## INFORMATION SHOWN
▼▼▼

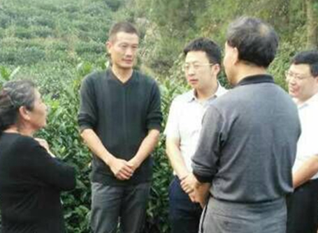 时任安化县县委副书记谢君毅(左三)、安化制茶大师龚菊香(左一)带领各级领导莅临新老基地指导工作,刘中军(左二)陪同参观。
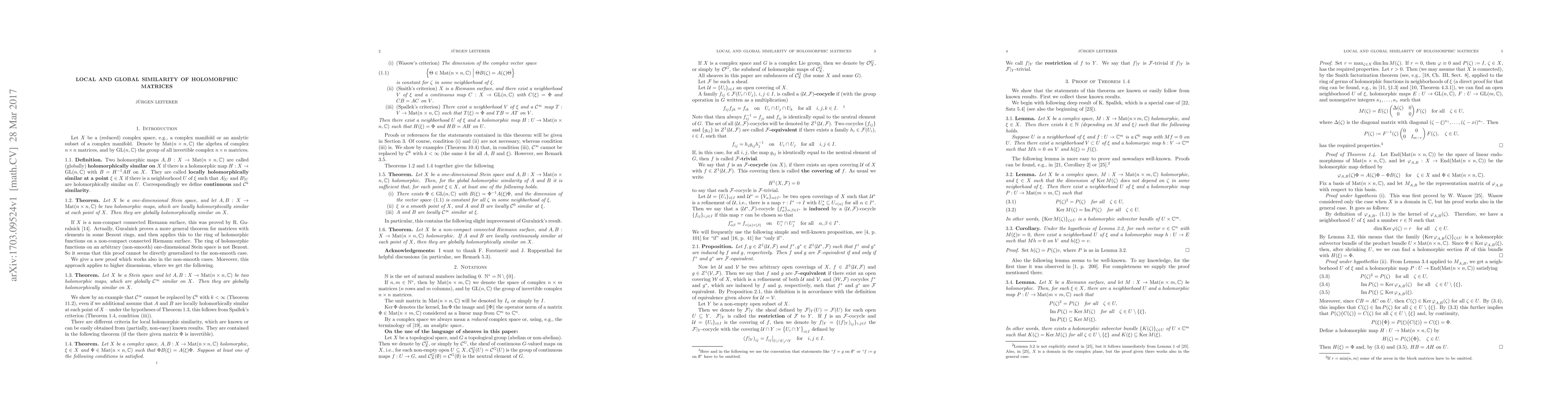 R. Guralnick (Linear Algebra Appl. 99, 85-96, 1988) proved that two holomorphic matrices on a noncompact connected Riemann surface, which are locally holomorphically similar, are globally holomorphically similar. We generalize this to (possibly, non-smooth) one-dimensional Stein spaces. For Stein spaces of arbitrary dimension, we prove that global $\mathcal C^\infty$ similarity implies global holomorphic similarity, whereas global continuous similarity is not sufficient.
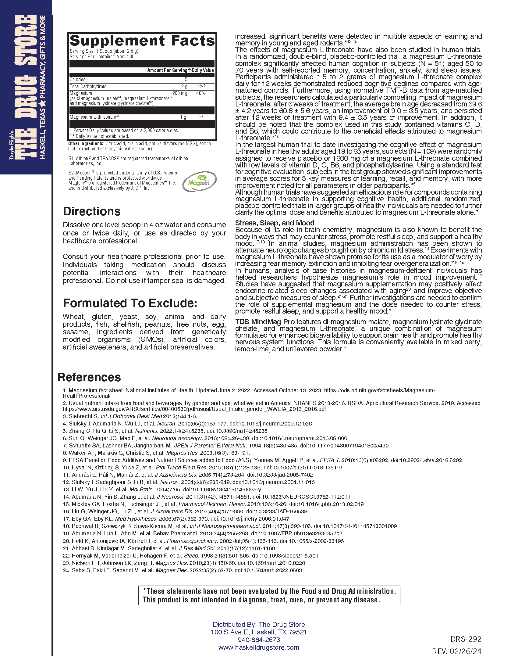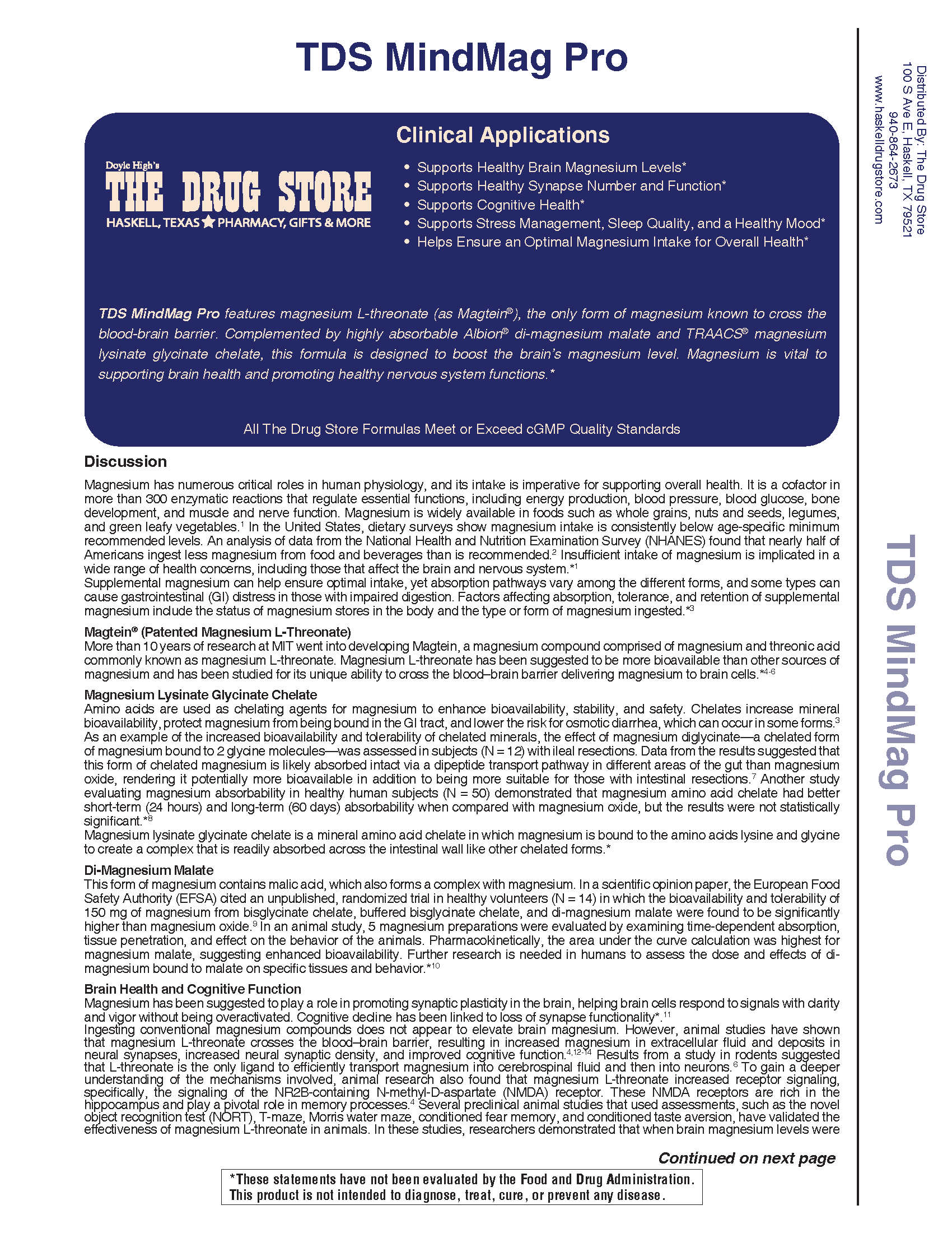 Ignite Your Mind! TDS MindMag Pro features magnesium L-threonate (as Magtein®), the only form of magnesium known to cross the blood-brain barrier. Complemented by highly absorbable Albion® di-magnesium malate and TRAACS® magnesium lysinate glycinate chelate, this formula is designed to boost the brain’s magnesium level. Magnesium is vital to supporting brain health and promoting healthy nervous system functions.*

▲▲▲

Everything in the listing should be copied exactly, apart from the images it holds.

 时任安化县县委副书记谢君毅(左三)、安化制茶大师龚菊香(左一)带领各级领导莅临新老基地指导工作,刘中军(左二)陪同参观。
 R. Guralnick (Linear Algebra Appl. 99, 85-96, 1988) proved that two holomorphic matrices on a noncompact connected Riemann surface, which are locally holomorphically similar, are globally holomorphically similar. We generalize this to (possibly, non-smooth) one-dimensional Stein spaces. For Stein spaces of arbitrary dimension, we prove that global $\mathcal C^\infty$ similarity implies global holomorphic similarity, whereas global continuous similarity is not sufficient.
 Ignite Your Mind! TDS MindMag Pro features magnesium L-threonate (as Magtein®), the only form of magnesium known to cross the blood-brain barrier. Complemented by highly absorbable Albion® di-magnesium malate and TRAACS® magnesium lysinate glycinate chelate, this formula is designed to boost the brain’s magnesium level. Magnesium is vital to supporting brain health and promoting healthy nervous system functions.*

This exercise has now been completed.